Mr S. Hanu for First, Second and Third Defendants
Mr C. Solosaia in Person
JUDGMENT ON CLAIM FOR JUDICIAL REVIEW
Faukona PJ: A claim for judicial review was filed on 11th September 2012. The prime focus of the claim is to seek remedy by quashing the decision by the first Defendant terminating the Claimant's employment contract on 22nd September 2010, which was upheld on appeal on 15th February 2012 also by first Defendant. Consequent to that, the first, second and the third Defendants be liable for damages in terms of loss of salary, entitlements, exemplary damages, special damages and interest at 5%.
Undisputed facts:
2. There is no dispute that the Claimant is a lawyer by profession. It is not also an issue that the post he was appointed to is a senior position of Director, Legal Services at the Leadership Code Commissions Office. Not disputed as well that his appointment was for a probationary period of six months and should commenced in October 2006.
Brief Facts:
3. The Claimant was recruited into Public Service by way of an appointment letter dated 16th October 2006. He was appointed as Director, legal services Level 12/13 and posted at leadership Code Commission, pursuant to GO B, 2, 201.
4. On 22nd September 2010, the Claimant's probationary appointment was terminated by the first Defendant by a letter dated 15th October 2010 and was served on the Claimant on 10th November 2010.
5. The Claimant then appealed against his termination to the first Defendant. By the first Defendant's minute of meeting dated 22nd September 2010, it was decided to reject the Claimant's appeal and upheld its decision to terminate the Claimant's probationary appointment. The Claimant then subsequently filed this claim for judicial review.
The issues:
6. The issue is whether the procedures provided for termination of the Claimant's probationary appointment had been complied with?
Probationary appointment.
7. The claimant without doubt accepted his probationary appointment for a period of six months pursuant to GO B, 2 201. The provision further provides that relevant Commission may determine to extend the probationary period on advice of the relevant Authority.
8. GO B 2, 203 vested powers upon the relevant Permanent Secretary to ensure the probationary periods are well managed. From this provision it is expected an officer may count upon or expect be confirmed and admitted to permanent office.
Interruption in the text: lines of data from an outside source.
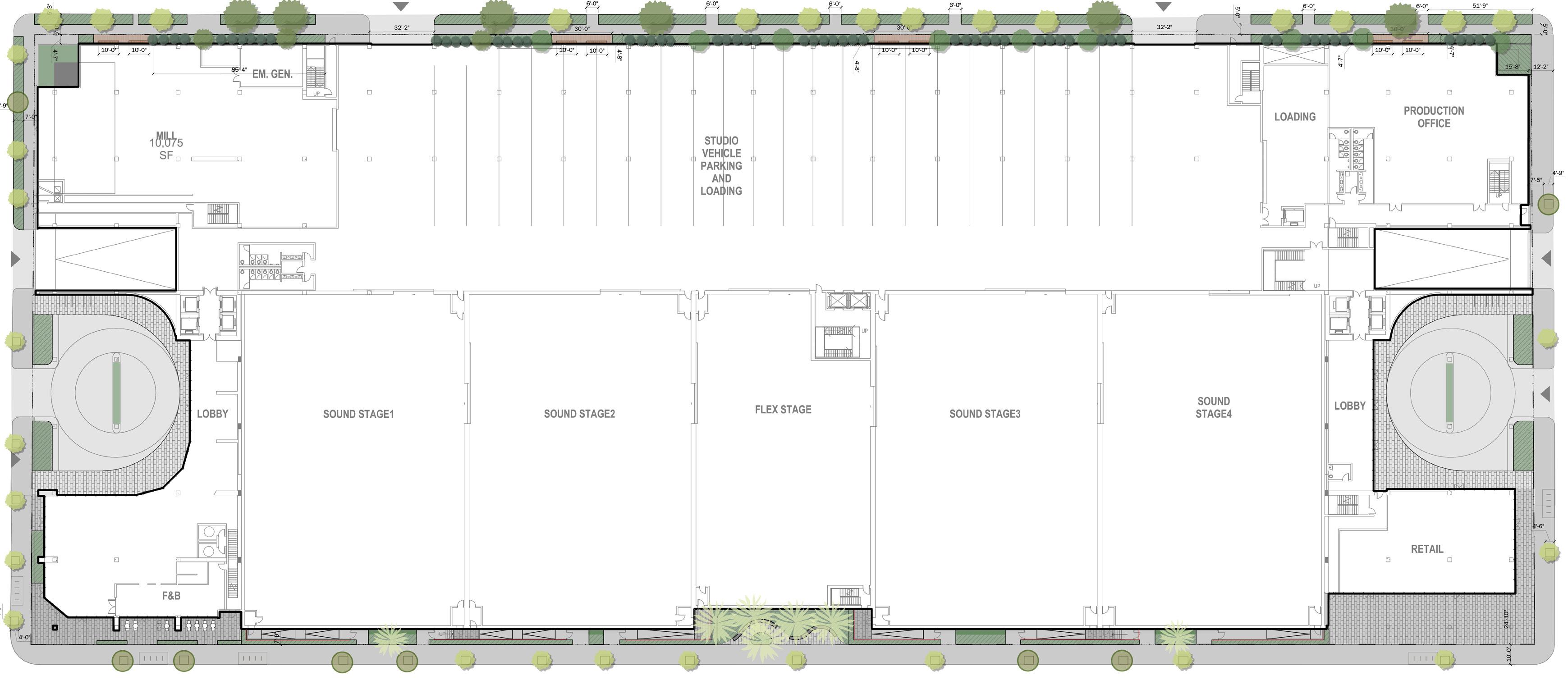 With production activities concentrated on the south lot, production will enter off of either Cahuenga Boulevard or Cole Street and have immediate access to the stages, additional loading, the mill, and production support space. Visitors and employees will enter the North or South lot from either street through a guarded and secure entry where they will be met by a valet attendant.
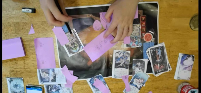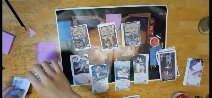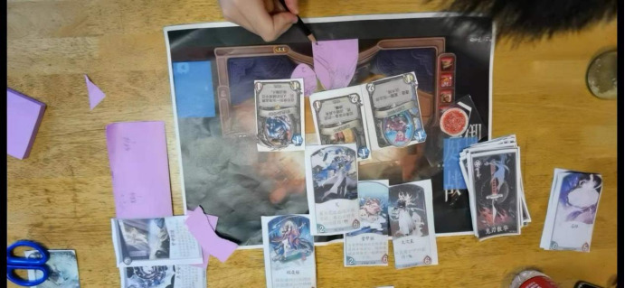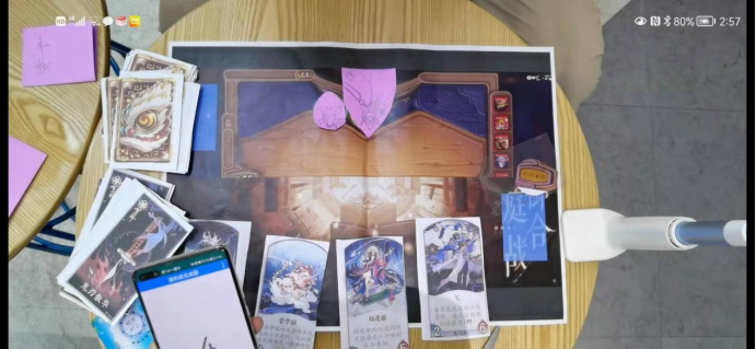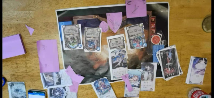 最左边两个牌库,中间的拼接场地,两方的随从和英雄,右边的正反两个回合结束按钮。最下面是我同学的手机用来生成随机数。然后最右边是用来照这张照片的手机支架。
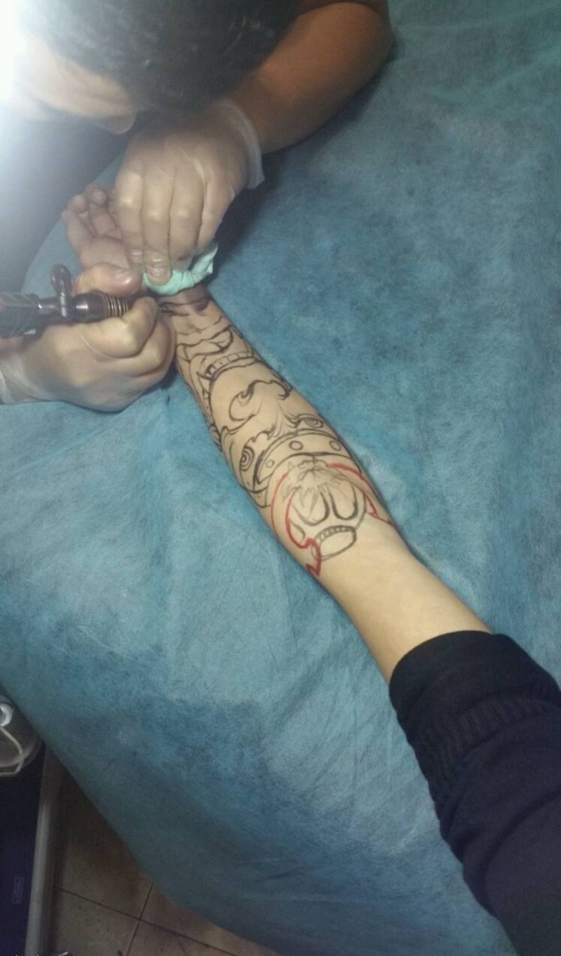 当前位置: 首页 >贵州省安顺市纹身店-后街刺青纹身图案>勇者妖王纹身图片_手臂传统鬼神成品纹身图案
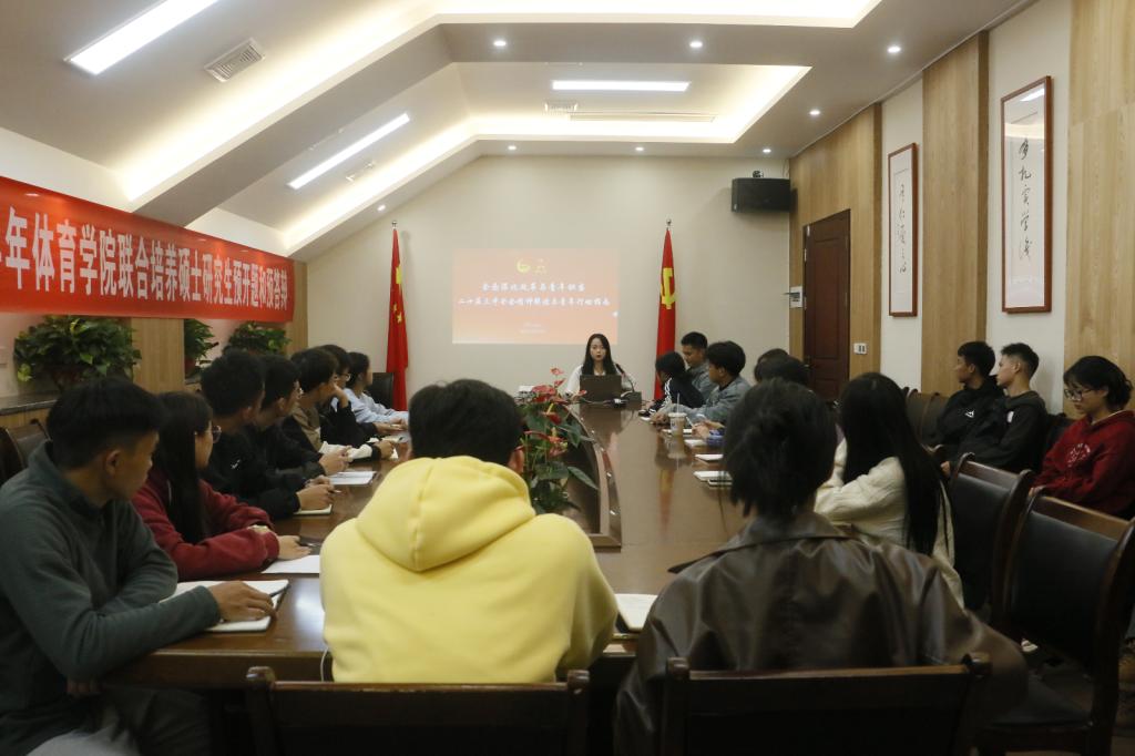 2024 11 7 18:50,团总支在体育馆 117 会议室召开了青马班第一期“青马燎原”宣讲会,青马工程培训班学员蒲黔蜀担任主讲人,万象城娱乐awc线路全体团学干部参加宣讲。
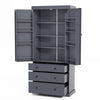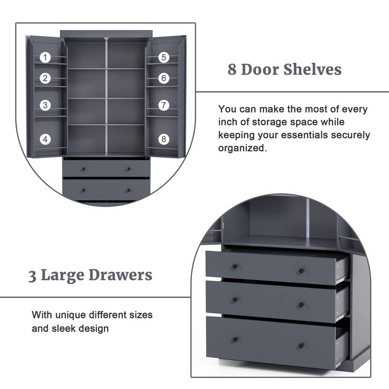 - Overall dimensions are 35x17.7x77 inches, with sturdy weight capacities: each shelf holds up to 110 lbs, door shelves can support 33 lbs, and the drawers handle 44 lbs.
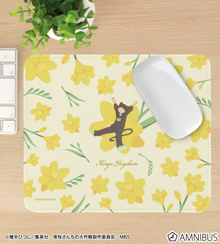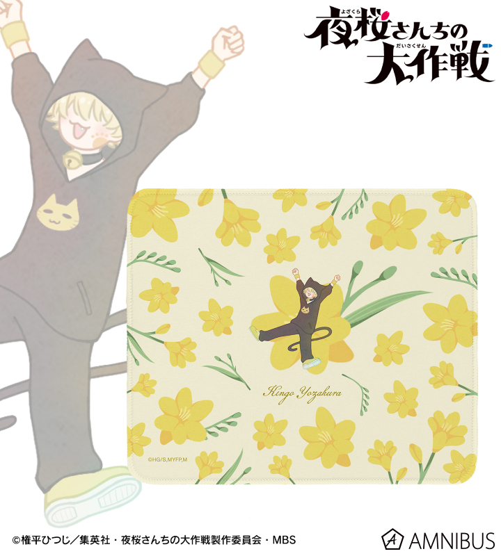 TVアニメ『夜桜さんちの大作戦』からオフィスアイテムをテーマにしたデザインライン「ar-Unity」のアイテム「夜桜嫌五 Botania マウスパッド」の登場です。
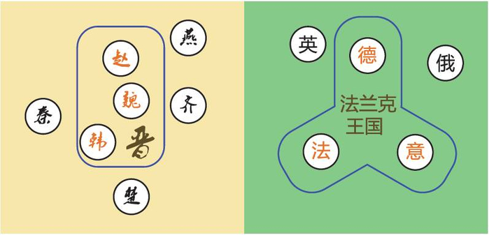 法、德、意三国比较类似于战国时期的赵、魏、韩三国。后者是春秋晚期三家分晋的产物,前者则是法兰克王国一分为三的产物。
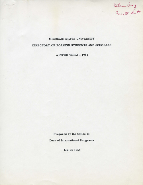 Michigan State University directory of foreign students and scholars. (Winter term 1964)
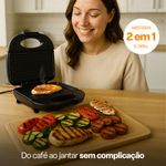 - Versatilidade 2 em 1: Pode ser usada como sanduicheira ou grill. Prepare lanches e grelhados de maneira prática e rápida, sem complicação.
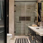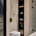 The bathroom stands out as a space of luxury, with black inlay work on marble, complemented by subway tiles in the shower area. A blend of black and brass accents exudes opulence, while hidden storage solutions enhance functionality. The L-shaped walk-in wardrobe is designed for both practicality and aesthetics.
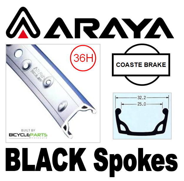 WHEEL - 26" Araya 7X 36H Silver Rim, 1 SPEED COASTER 3/8 Nutted (110mm OLD) Loose Ball Hi-Stop Silver Hub, Mach 1 BLACK Spokes
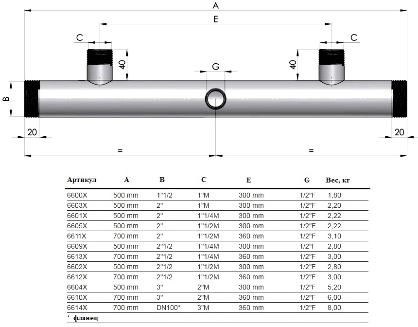 Коллектор для 2-х насосов - подача Fome 495 мм 1"1/2 x1"M
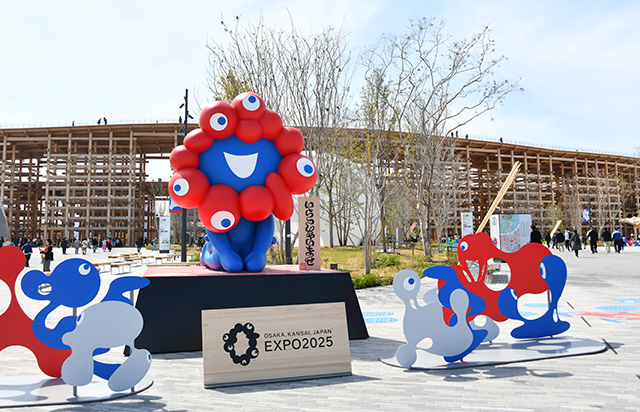 大阪・関西万博会場の東ゲート付近で来場客を出迎えるミャクミャク=25年4月9日 PHOTO: Yusuke KOHASE/Aviation Wire
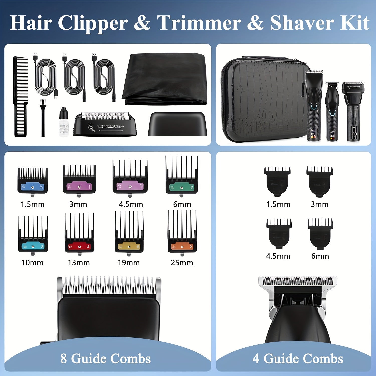- Multiple Attachments: The set includes a variety of comb attachments, enabling you to customize your hairstyle from short fades to longer styles effortlessly.
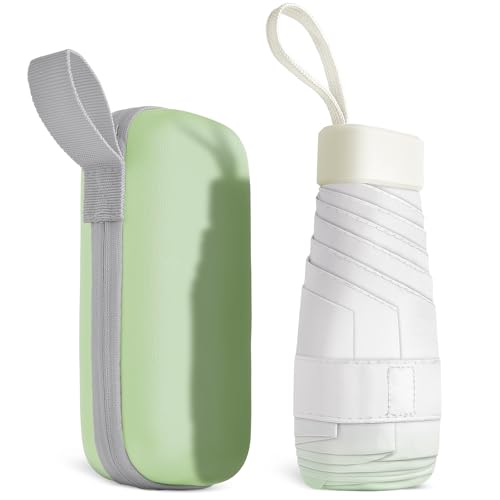 Aolso reseparaply, 6 spröt miniparaply litet UV-paraply, hopfällbart solparaply vindtätt regnparaply med kapselfodral, vikbart reseparaply bärbart fickparaply för män kvinnor, gRÖN, 6 Ribs

However, the appointment remains conditional upon the officer adhering to the ethics and values of the Public Service in carrying out his responsibilities during the period in a manner acceptable to management.
9. By GO B, 2, 204 provide a relevant Permanent Secretary must ensure that the probationary officer has a specified supervisor; in this case the Chairmen of the Leadership Code Commission, who work closely with the Claimant and who should also offer advice. He is also expected to provide leadership and ensure any opportunity for improvement is identified.
11. GO B. 2, 207 provides for adverse comment. The important of this provision is that it vested responsibility on the Permanent Secretary concerning adverse comments in a report or any assessment of the probationary officer that falls below average, be brought to the attention of the probation officer in writing. The second part of this provision vested responsibility upon the supervisory officer (Chairman) if he thinks necessary to address the probationer and give him advice of which might assist acquire necessary standard of conduct or performance.
12. If during the probationary period the Claimant performed below average, had the Claimant aware of it by way of a written letter from responsible Permanent Secretary? Or has the supervising officer address or advice the Claimant of his performance; he was not necessarily expected to do so by mandatory requirement, but in a discretionary fashion if he thinks appropriate. It would appear the Claimant has denied being issued with a letter reminding him of his performance which is below acceptable standard. After four years engaged in the probationary work he received a termination letter dated 15th October 2010.
Termination of probationary employment:
13. The grounds upon which the Claimant's probationary employment was terminated was contained in the letters written by the Chairman of Leadership Code Commission who was the immediate supervisor sec GO B 2 207. The letter on 8th June 2007 was eight months after the Claimant took up the post. The letter recommended that the Claimant's probationary appointment be extended for further six months. At the same time the Chairman gave option to the Permanent Secretary to Public service where appropriate consider taking other actions under Regulation 28 of Public Service regulation (1998) and GO B, 2, 212 as it saw fit. In fact reference made to other actions, was in the mind of the Chairman at that time, and was an action for termination based on poor work output demonstrated by the Claimant.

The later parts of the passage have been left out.